Tesla, which has its own private charging network of 25,000 plugs worldwide, leads in nearly every measurable category and just posted its seventh straight profitable quarter. Its newer chargers can crank out up to 250 kilowatts and 175 miles of range in about 15 minutes.
Electrify America, a charging network funded with money paid by Volkswagen as punishment for its emissions cheating scandal, says it's ready for the newer EVs. Having installed fast chargers since 2018, it runs more than 600 stations with 2,600 plugs nationwide. All can pump out 150 kilowatts. That means they can charge a typical EV with 300 miles of range to 80% of battery capacity (240 miles) in roughly 45 minutes. Electrify America is adding 350-kilowatt stations, which can charge twice as fast.
A fast-charge fill-up to 80% of battery capacity varies by state but typically costs around $16.
Even Tesla owners, who can access the nation’s biggest fast-charging charging network, risk running out of juice on road trips, especially in rural areas. On Monday, one such driver, Dan Nelson, said he had to stop at a Tesla station near Ann Arbor, Michigan, for more than 20 minutes to make sure his Model 3 had enough charge to reach his rural home 25 miles away.
"There’s definitely improvements that can be made,” said Nelson, who charges at home most of the time.
Bruce Westlake, president of the East Michigan Electric Auto Association, suggested that such anxiety tends to ease as people gain more experience with EVs. He said he is now comfortable running his two Teslas as low as 5% of battery capacity to go farther between charges on trips.
Research by J.D. Power and Associates shows that most people think charging stations are needed at locations where gas stations are now. But in fact, according to the Energy Department, most EV owners charge at home more than 80% of the time.
That means super-fast chargers, which can cost close to $100,000, should be built mainly along highways where people are traveling long distances and need to charge quickly, experts say. They also may be needed in urban areas where people live in apartments with no access to a home charger.

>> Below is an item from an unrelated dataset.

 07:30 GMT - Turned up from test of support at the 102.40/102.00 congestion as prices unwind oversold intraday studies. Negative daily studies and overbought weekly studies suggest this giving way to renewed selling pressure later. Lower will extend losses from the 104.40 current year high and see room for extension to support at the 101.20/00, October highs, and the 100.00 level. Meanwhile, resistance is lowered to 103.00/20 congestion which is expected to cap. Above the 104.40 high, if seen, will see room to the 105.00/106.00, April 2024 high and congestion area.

It's far from clear that the automakers can depend on a proliferation of fast chargers across the country to build customer confidence and propel EV sales in the years ahead. The high cost and heavy load on utility grids likely will limit the number of fast chargers to areas where they're needed for quick fill-ups, said Jessika Trancik, an associate professor at the Massachusetts Institute of Technology who studies EV charging.

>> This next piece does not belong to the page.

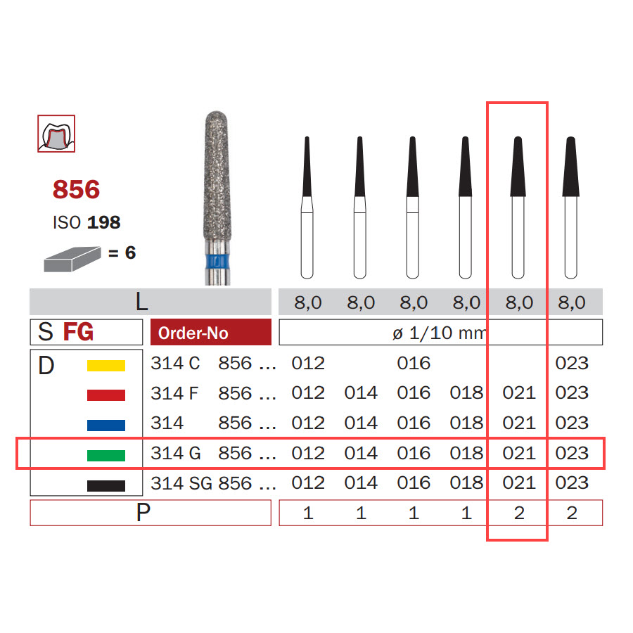 Diamond Bur, FG 021, Coarse, Cone Round End ISO #198

"As we're approaching this transition," she said. "It's important to be more strategic than just putting them everywhere.”
Charging companies have time to figure out where to build fast chargers because it would take more than 17 years to convert the entire U.S. fleet of 279 million passenger vehicles from petroleum to electricity – even if every motorist were willing to make the switch, said Pasquale Romano, CEO of ChargePoint, a charging station company.

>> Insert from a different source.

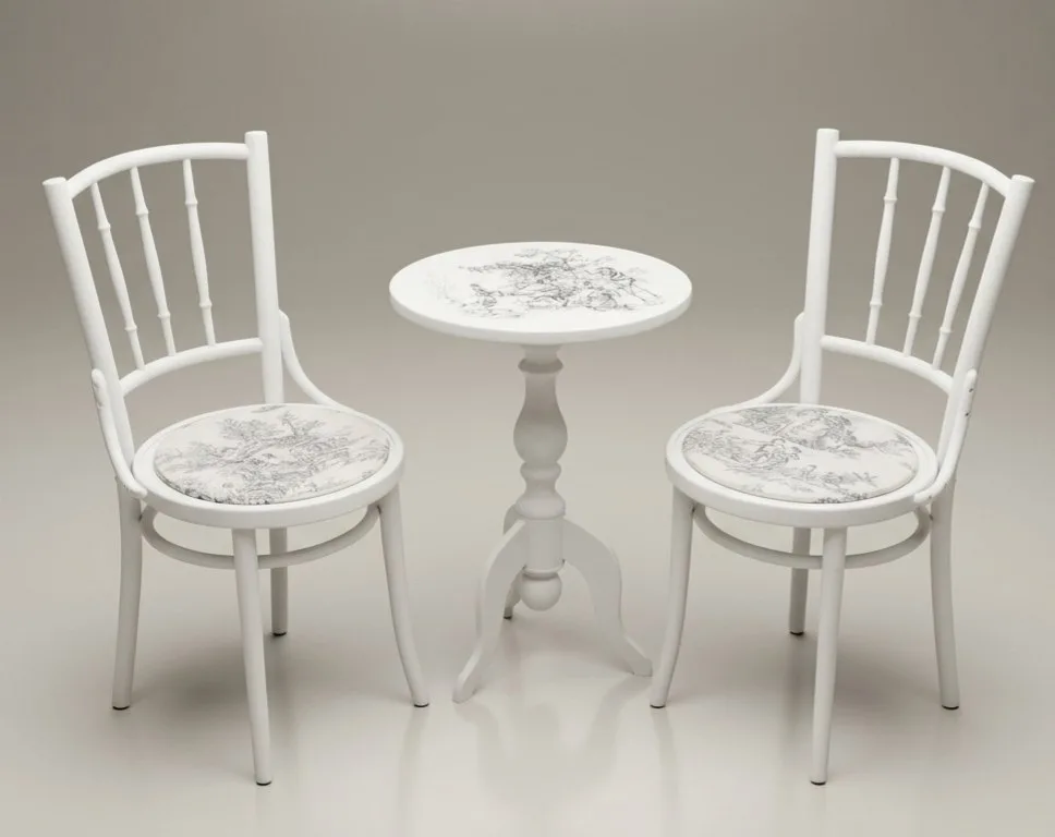 Setti: 2 tuolia ja tyylikäs pöytä. Toimitusaika on noin kaksi viikkoa. Klassinen muotoilu ja laadukas työstö.

But the chargers can't come fast enough for automakers, who want more people to buy their EVs to spread development costs over more vehicles. In 2020, global electric car sales jumped 41% despite pandemic restrictions.
Romano says fast chargers will be needed about every 75 miles on roads that connect metro areas, and that the United States should get there in about two years. As more EVs are sold, he said, more stations will be built.
"You don't want to put all the infrastructure in for 20 years starting with vehicle zero,” Pasquale said. "This is about the natural organic growth.”
EVs are getting ahead of the public charging network, which isn't ready to handle the higher kilowatts that the parade of new vehicles can handle. Adding to the urgency – EVs will be cheaper to produce than fossil fuel cars by 2027.
Experts, however, say there's time for the chargers to catch up as long as EV sales don't take off too fast, and if charging networks are willing to invest in faster systems.